The Orangerie has, however, a very good average band—for Germany. The picture of the great crowd of people gathered at little tables around the band-stand, whole families together; of a tiny boy baby, just able to toddle around, being dragged about by an enormous St. Bernard dog, whose chain the baby tugged at most valiantly; the long dim avenues under the trees where an occasional young couple lost themselves from fathers and mothers; the music; the cheerful beer-drinking; the general air of rosy-cheeked contentment has formed in my mind a most agreeable recollection of the Orangerie of Strasburg.
Strasburg has, however, much more to boast of than her clock. The city was founded by the Romans, and in the middle ages was one of the most powerful of the free cities of the German Empire, on the occasions of imperial processions her citizens enjoying the proud distinction of having their banner borne second only to the imperial eagle.
Then, because of its strategical importance, in a time of peace, Louis XIV. of France seized the city of Strasburg, and this delicate attention on his part was confirmed by the Peace of Ryswick in 1679, thereby giving Strasburg to France. The French kept it nearly two hundred years, but Germany got it back at the Peace of Frankfort, 1871, and it is now the capital of German Alsace and Lorraine.
I never think of Alsace and Lorraine that I do not recall the statue in the Place de la Concorde, with gay coloured wreaths looking more like a festival of joy than mourning,—in fact I never think of Paris mourning for anything, from a relative to a dead dog, that I can keep my countenance.

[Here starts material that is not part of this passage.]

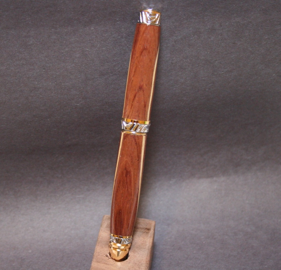 Here is my second attempt at a wavy blank. This time I used Bubinga and Avodire I like the color contrast better then my last wavy blank. The kit is a Wood River Ultra Cigar that Evelyn picked up at Woodcraft while she as out seeing a client. I like the kit really classy. The finish is 6 or 7 coats of WTF, this is the first time I've use WTF and I like the finish it gives. Overall I happy with the way it came out. As always any and all comments are welcome.

On the Jour des Morts, I once went to the Pere-Lachaise and found in the family lot of a duchesse with a grand name, a stuffed dog of the rare old breed known as mongrel. In America he would have slouched at the heels of a stevedore—or any sort of a man who shuffles in his walk and smokes a short black pipe. But this yellow cur was in a glass case mounted on a marble pedestal, and his yellowness in life was represented by a coat of small yellow beads put on in patches where the hair had disappeared. His yellow glass eyes peered staringly at the passer-by and his tomb was literally heaped with expensive couronnes tied with long streamers of crape, while couronnes on the grass-grown tomb of the defunct husband of the duchesse, buried in the back of the lot behind the dog, were conspicuous by their absence. I wondered if the widow took this ingenious method of publishing to the world that in life her husband had been less to her than her dog.
Paris crape is this slippery, shiny sort of stuff, like thin haircloth—the kind they used to cover furniture with. It is made up into “costumes” which have such an air of fashion that the deceased relative is instantly forgotten in one’s interest in the cut and fit of the gown. A butterfly of a bonnet, a tiny face veil coming just to the tip of the nose, with the long one in the back sweeping almost to the ground, completes a picture of such a jaunty grief, such a saucy sorrow, that one would be quite willing to lose one or two distant relatives in order to be clad in such a manner.